Jacques Lacan – Seminario 17.
Leemos desde Freud que la maternidad se inscribe como un síntoma de las mujeres, siendo una posición ante la falta. Estableciendo así una lógica que en tanto las mujeres al no tener el falo, encuentran en el hijo su equivalente. En algunos casos se puede escuchar esa completud o manifiestarse completas teniéndolos.
La clínica nos enseña que si bien los tiempos cronológicos pueden determinar una aptitud fisiológica para parir un niño, para alojar un hijo, los tiempos lógicos dicen de la posición del sujeto del inconsciente.
El parir es una acción y como tal no alcanza para fundar una función.
¿Que hace posible que opere la función? Lo que hace que la función sea operante es el discurso. Recordemos que para el psicoanálisis el inconsciente está estructurado como un lenguaje.
Pensemos, ¿Cuáles son las condiciones psíquicas que convierten a una mujer en madre? ¿Qué lugar ocupa en la estructura la maternidad para cada mujer?
Definitivamente el parir no convierte a una mujer en madre. ¿Por qué no? El hecho mismo de parir un niño, no convierte a ese producto en hijo, ni a la mujer que lo realiza en madre.
A diferencia de Freud, Lacan propone que el lugar que puede venir a ocupar el niño en relación al deseo de la madre, no es el lugar del falo, sino un lugar que causa su deseo. De hecho, habría un solo objeto de deseo, el objeto a, que es representado por objetos parciales en diferentes pulsiones parciales. Pero el objeto a no es el objeto hacia el que tiende el deseo, sino la causa misma del deseo. El deseo no es una relación con un objeto, sino la relación con una falta. Lo que habitualmente denominamos «acceder al deseo» o «satisfacer el deseo» va a implicar la dimensión del goce. No será el deseo el que se satisface, y sí el sujeto del inconsciente.
El ser humano al encontrarse inmerso en el lenguaje, a diferencia del resto de los animales posee la alternativa de renunciar o no, ante un embarazo.

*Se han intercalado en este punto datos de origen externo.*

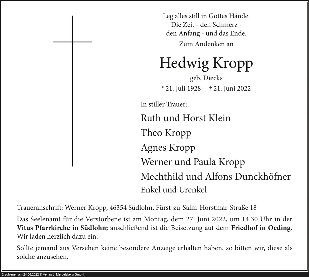 Hedwig Kropp (Geb. Diecks)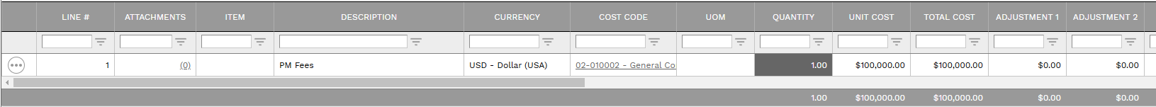 Each line in a Contract record and Contract COs automatically becomes a "Req Code". Lines from other types of transactions (such as Progress Invoices and Timesheets) can be linked to these Req Codes. These cost based lines can then be automatically pulled into Requisitions, allowing you to perform cost plus type billing scenarios.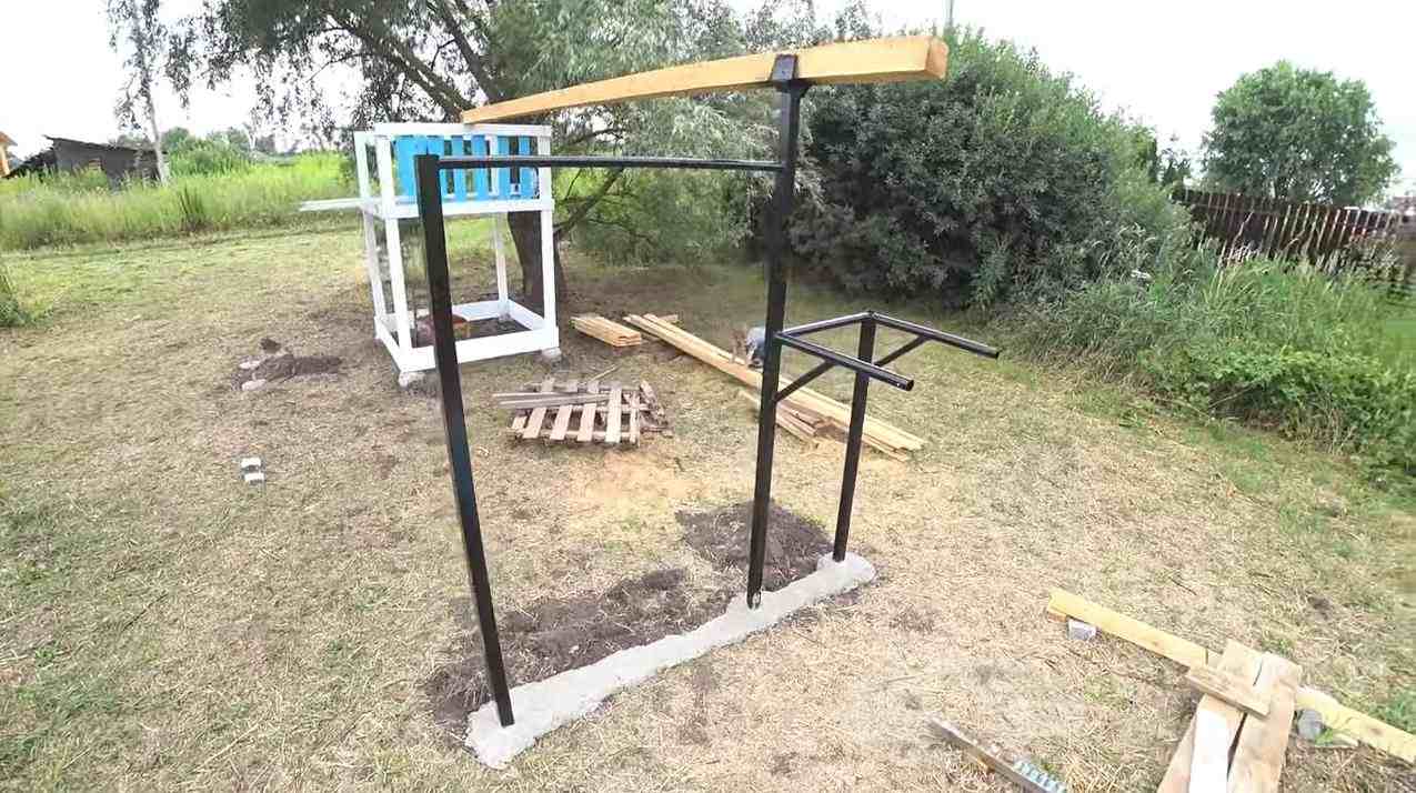 Далее крепим собранную систему к балкам под крышей (в беседке, на террасе) или стойкам, которые установлены по периметру зоны отдыха или летней площадки.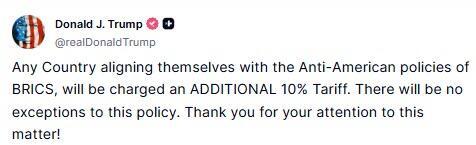 - Trump posted "Any Country aligning themselves with the Anti-American policies of BRICS, will be charged an ADDITIONAL 10% Tariff. There will be no exceptions to this policy."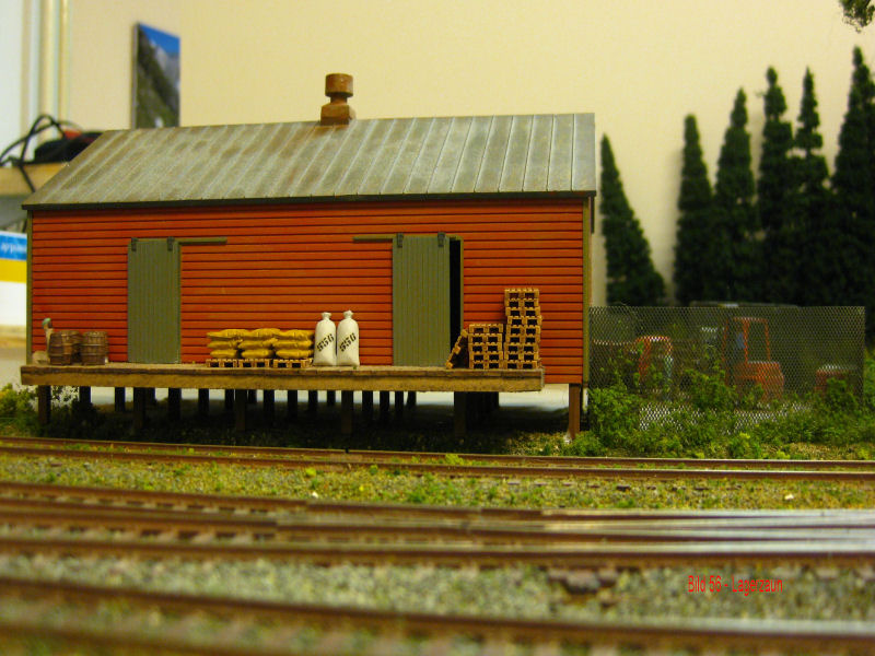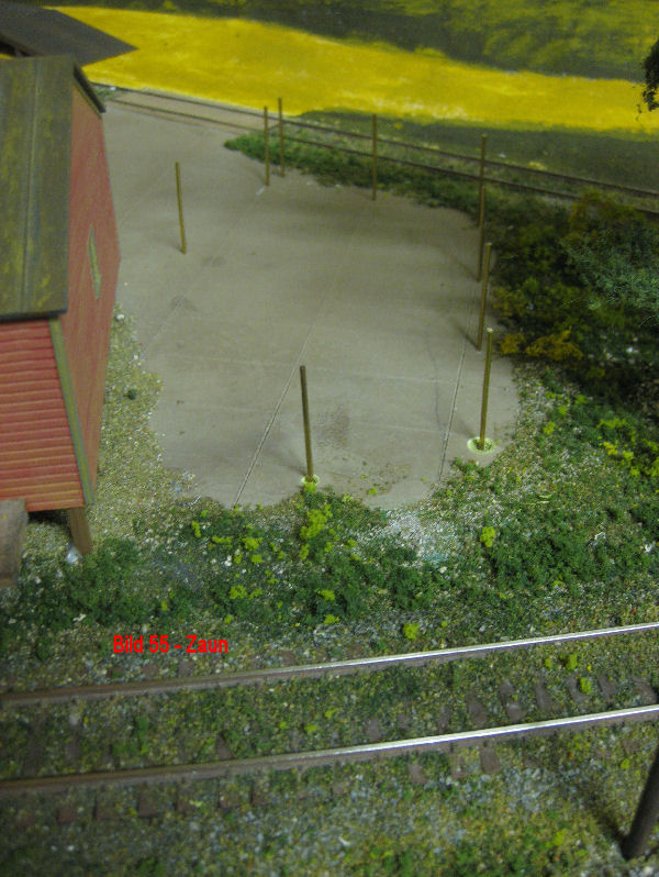Bild 55 - Neben dem Lagerhaus wird ein eingezäunter Lagerplatz entstehen. Die Zaunpfähle (Messingdraht 3cm) sind bereits gesetzt. Tor und Maschendrahtzaun befinden sich zum Lackieren bei Andy. Die Regale werden auch von Andy gefertigt.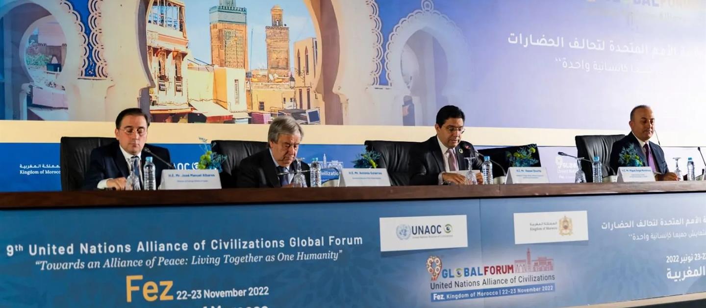 Dieciocho años después de que España propusiese por primera vez la creación de la Alianza de Civilizaciones, ésta celebra los días 22 y 23 en Fez (Marruecos) su IX Foro Global, al que han asistido el Ministro de Asuntos Exteriores, Unión Europea y Cooperación, José Manuel Albares; la Secretaria de Estado para la Cooperación Internacional, Pilar Cancela y el Representante Permanente de España ante las Naciones Unidas, Agustín Santos. También ha contado con la intervención del expresidente del Gobierno José Luis Rodríguez Zapatero, que propuso su creación ante la 59ª Asamblea General de la ONU, y el exministro Miguel Ángel Moratinos, en su calidad de Alto Representante de UNAOC (United Nations Alliance of Civilizations).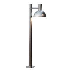 Die Pollerleuchte Arki 100 besteht aus einem robusten Stab mit Sockel und einem nach unten gerichteten Schirm. Ganz aus verzinktem Metall ist die Wegelampe auch in Salzwassernähe geeignet angebracht zu werden und hält dank Spritzwasserschutz ebenso Wind und Wetter stand. Um für Einfahrten oder Terrassen nützliches und blendfreies Orientierungslicht zu spenden, wird das Licht simpel auf den Gartenweg geleitet ohne zu blenden. Ein passendes Leuchtmittel kann über das Zubehör direkt mitbestellt werden und wird durch einen Kunststoffdiffusor geschützt. Das Design stammt von dem Künstler Bønnelycke MDD aus Dänemark.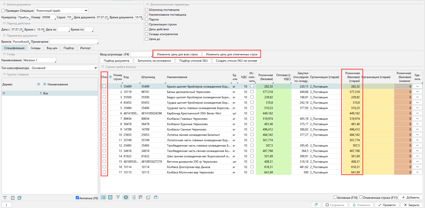 Не забудьте установить подходящий период действия нового прайса и  провести прайс, чтобы он вступил в силу.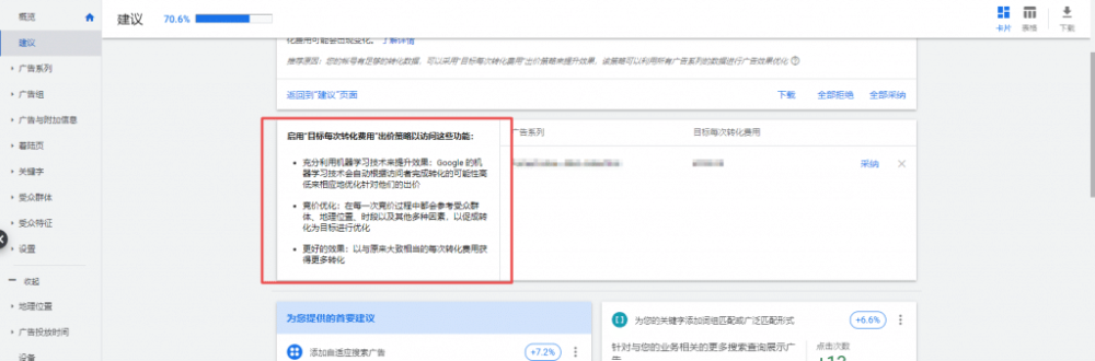 比如这个需要让我切换到转化价值出价我个人对这些建议并不是很看重,因为这个评分老实说与你的账户展示效果并无关联,只是一个针对账户设置的全不全的一个大致评测而已——千万不要将其与广告评级划等号。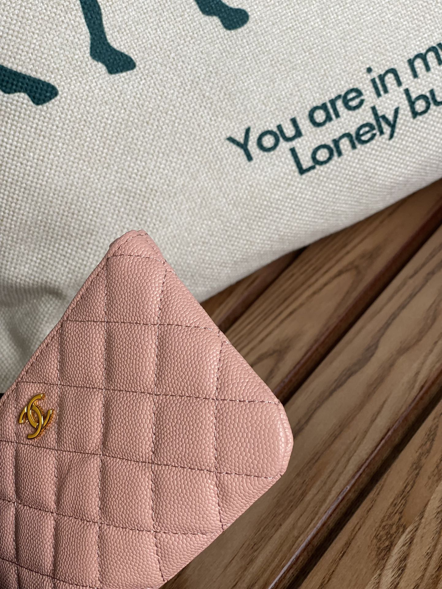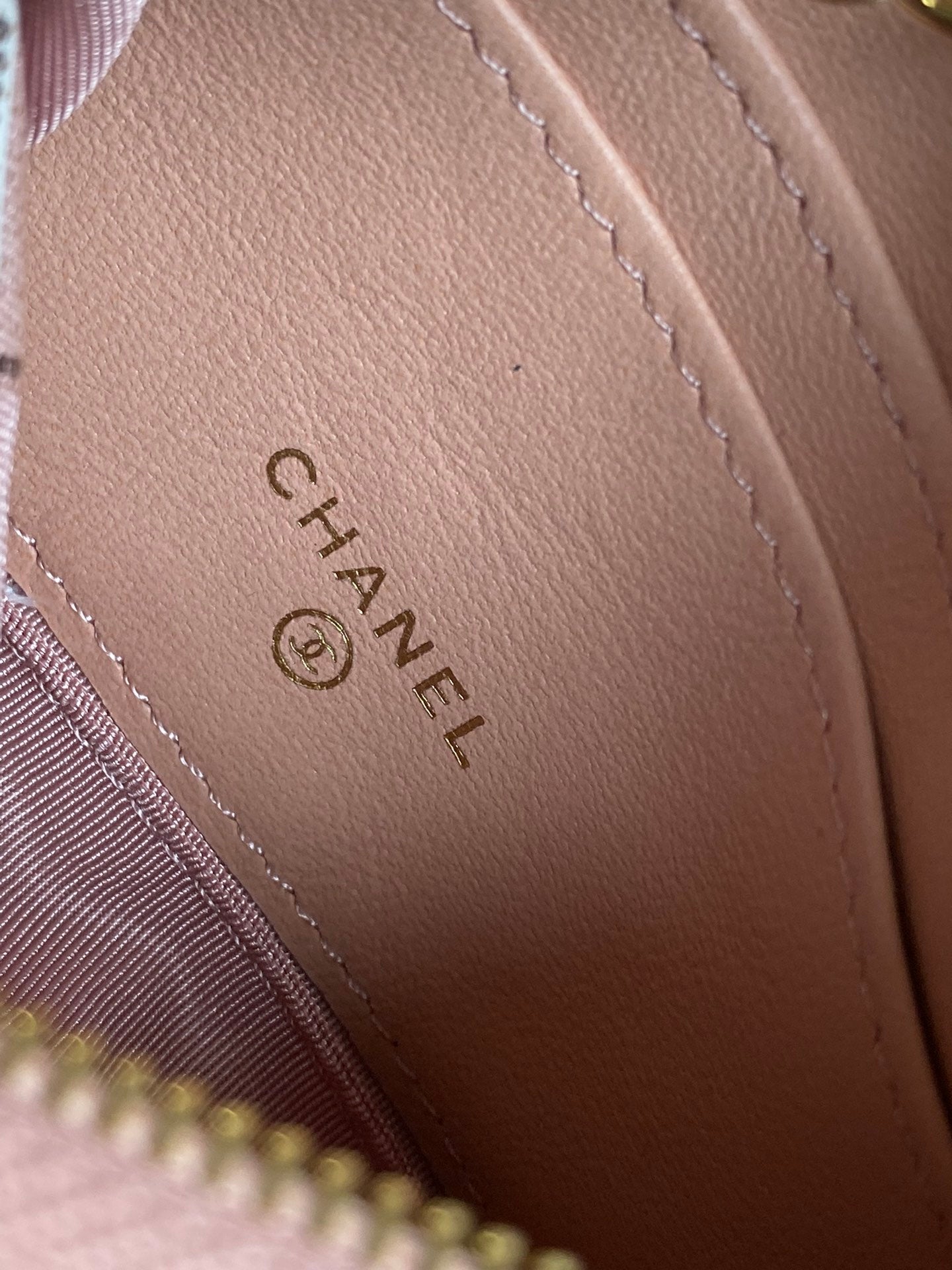 cc zipped wallet 14cm light pink caviar gold hardware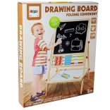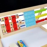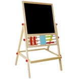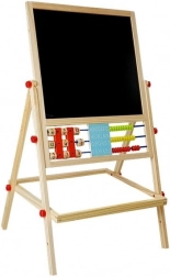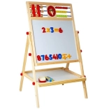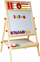 Tabuľa je nevyhnutnou výbavou, malá umelkyňa bude rozvíjať výtvarné zručnosti kreslením kriedami, môže sa tiež učiť písať a počítať. Je vybavená praktickou poličkou na príslušenstvo. Robustne vyrobená z materiálov najvyššej kvality. Starostlivo spracovaná, takže nemá žiadne ostré hrany. Na kreslenie na čiernu stranu tabule použite kriedy – súčasťou balenia sú tri farby. Má počítadlo s 3 farbami guličiek, s ktorým dieťa začne dobrodružstvo počítania, a na druhej strane drevené kocky s číslami, s ktorými môže ľahko vykonávať základné matematické operácie. S číslami a matematickými znakmi na magnete sa môže naučiť základné matematické operácie, ako je sčítanie, odčítanie a násobenie. V strednej časti sú hodiny, na ktorých batoľa pomocou ručičiek nastaví čas a rozpozná hodiny.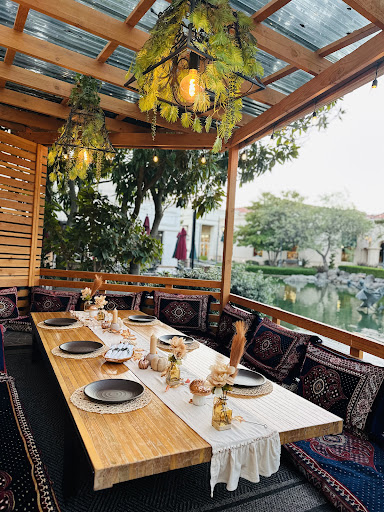 We came for a girls’ night with seven of us and sat at the Afghani floor table by the water. The setup was absolutely gorgeous – soft lighting, the sound of water trickling from the nearby waterfall, the ducks quacking and the warm scent of freshly grilled kababs drifting through the air made it feel magical and transportive. The staff went above and beyond – the owners are some of the kindest people I’ve ever met. You can tell how hard they are working the minute you walk in, and their passion shows in every detail. They kept checking on us, explaining dishes, and offering recommendations. They even let us order family style, and the platters arrived like a colorful feast, beautifully presented and almost too pretty to eat.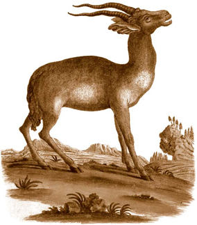 Далее нужно указать на газелей (Gazella), стройных, чрезвычайно миловидных, с кольчатыми лировидными рогами (у обоих полов), слезными ямками и длинными острыми ушами. Газель представляет в пустыне прекрасную картину, которая с давних пор вдохновляла восточных поэтов, увлекательно воспевавших это красивое создание и бравших от него высшие сравнения для выражения красоты женщины. Длина газели (A. dorcas) – до 1,1 м при высоте 60 см. Стройное туловище ее, оканчивающееся длинным, с густыми волосами на конце хвостом, опирается на чрезвычайно нежные, стройные ноги с изящными копытами. Голову средней величины украшают большие, огненные, оживленные, почти с круглым зрачком глаза.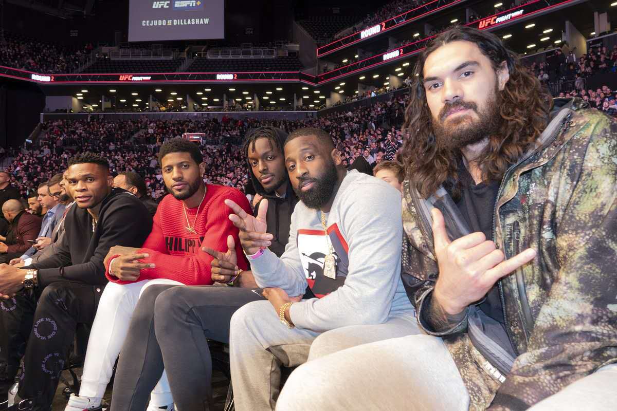 这四个人高马大的家伙并排这么一坐,相信现场镜头想找不到他们都难吧!而他们周围的观众也真幸运,不仅能欣赏激烈的ufc赛事,还能与这四位nba球星合影聊天。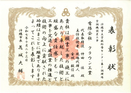 令和3年10月22日に令和3年度 沖縄市優良建設工事表彰式が行われ、 有限会社 クラウン工業・有限会社 東部水道工事社JVで施工した 「沖縄市立山内中学校空調機能復旧工事」で表彰を受ける事が出来ました。 工事に携わって下さった全ての皆様に感謝致します。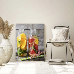 Impression sur verre - Image sur verre - Bouteilles d'eau fruitée et d'herbes sur fond de bois - 70x100cm - Sain par nature - Décoration murale moderne pour le salon et la chambre ARTTOR

La condición de ser mujer, no garantiza una posición deseante frente a la maternidad, más allá de los mandatos desde lo social y familiar, cada mujer de una en una se enfrentará ante ese deseo o no.
En relación a esta interrogante se pueden advertir varios imaginarios que muchas veces escuchamos en la consulta, referidos por ejemplo: que si hay embarazo hay madre, donde la maternidad queda ligada simplemente a un hecho biológico que es el embarazo y el parto.
También en muchas otras aparece en el discurso una correlación, una equivalencia entre el deseo de tener un hijo y el deseo de ser madre, como una sola unidad deseante, no pudiendo operar una separación.
Lacan dice que un acto analítico es poder articular eso que el sujeto en análisis le es imposible realizar. Es decir el acto que apuesta al inconsciente, a autorizar a que hable y eso hable en él. El acto analítico crea las condiciones fundacionales para que el transcurso de una cura sea posible.
Es necesario expresar que el desear no es igual al querer. En la actualidad existe con mayor frecuencia la idea en algunas mujeres de programar sus embarazos, su maternidad, de elegir el momento de tener a sus hijos, anteponiendo muchas veces situaciones de mejoras o cambios de trabajo, la culminación de una carrera universitaria, casarse, mudarse y tantas otras. En los casos que intentan programar su maternidad, estando prontas fisiológicamente, no hablamos de las situaciones de fertilizaciones asistidas, la concepción no siempre se produce de forma inmediata. Existen pocas probabilidades de que ese hijo llegue cuando se hacen esas programaciones.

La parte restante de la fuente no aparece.